Samedi 18 novembre, à trois kilomètres de la ville,
dans les rangs de l’armée russe, j’assistais à cela. Il était clair, l’air même
semblait le crier, que les Bulgares ne s’étaient tapis devant la ville que pour
permettre au gros de l’armée de se retirer. La nuit tomba, le bruit du canon
roulé par le vent se répandit sur toute la vallée, puis il cessa. À trois
heures de la nuit, un lieutenant entra dans la tente où nous dormions et cria :
Monastir brûle ! Monastir ne brûlait pas, mais à deux endroits de la ville
un incendie s’élevait. L’un des endroits était aux casernes, l’autre derrière
la grande mosquée. Les casernes brûlant, c’était l’ennemi qui partait. Le
lieutenant fit lever les tentes, et cria : Monastir brûle ! Le
commandant envoya des patrouilles ; à quatre heures les patrouilles
revinrent. Les Bulgares avaient fui, les Français venaient de sauter dans leurs
tranchées, les deux incendies grandissant flambaient comme des torches auprès
du lit d’un mort. Pas un coup de canon, pas un coup de fusil, les patrouilles
se renouvelèrent et le jour se leva.
Un immense arc-en-ciel se posa au-dessus de la ville.

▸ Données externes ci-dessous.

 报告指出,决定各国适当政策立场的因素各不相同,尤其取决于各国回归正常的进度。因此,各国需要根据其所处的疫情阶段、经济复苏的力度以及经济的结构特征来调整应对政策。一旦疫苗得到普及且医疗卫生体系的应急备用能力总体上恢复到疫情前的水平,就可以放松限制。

Superstitieux, les Serbes le noteront dans leur histoire, ils diront que c’était
un signe surnaturel. En vérité, qui
prouve que cela n’en était pas un ?
À huit heures trente, le chef d’état-major russe allongea le
bras vers la droite, et, montrant des cavaliers qui chargeaient, cria :
Regardez ! C’étaient des Français qui, sur la dernière pièce bulgare,
allaient sabrant. La pièce attelée fouetta ses bêtes et disparut dans Monastir ;
les Français et les Russes avançaient parallèlement.
C’était le lieutenant M…, suivi de l’escadron divisionnaire
de l’escorte et d’éclaireurs montés. À neuf heures, les premiers, le cœur soulevé,
leurs bêtes bavant d’écume, le lieutenant M… et les siens rentraient à
Monastir. À neuf heures cinq minutes, un peu sur la gauche, le premier
bataillon du régiment russe entrait aussi ; j’étais avec le premier
bataillon, c’est par le cimetière turc que nous arrivons.

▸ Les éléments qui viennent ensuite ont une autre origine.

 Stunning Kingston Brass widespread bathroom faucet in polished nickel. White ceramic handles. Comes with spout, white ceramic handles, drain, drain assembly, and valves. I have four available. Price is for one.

L’arc-en-ciel est de plus en plus magnifique et l’âme sous l’émotion
de plus en plus ouverte. Chacun criait en lui-même : Monastir ! Cela
semble irréel d’y pénétrer comme chez soi. Alors ce n’était pas plus difficile
que cela d’entrer à Monastir !
Les femmes offrent
des fleurs
Le lieutenant M… et ses cavaliers sont là, ils ne peuvent
plus avancer. Les femmes, les mains pleines de chrysanthèmes, les jettent dans
les jambes de son cheval, dans les siennes, dans sa figure, dans celles de ses
hommes. Elles lui envoient des baisers, elles obligent les cavaliers à pencher
leurs carabines pour les boucher de fleurs et les hommes penchent leurs
carabines et elles leur en jettent en complément.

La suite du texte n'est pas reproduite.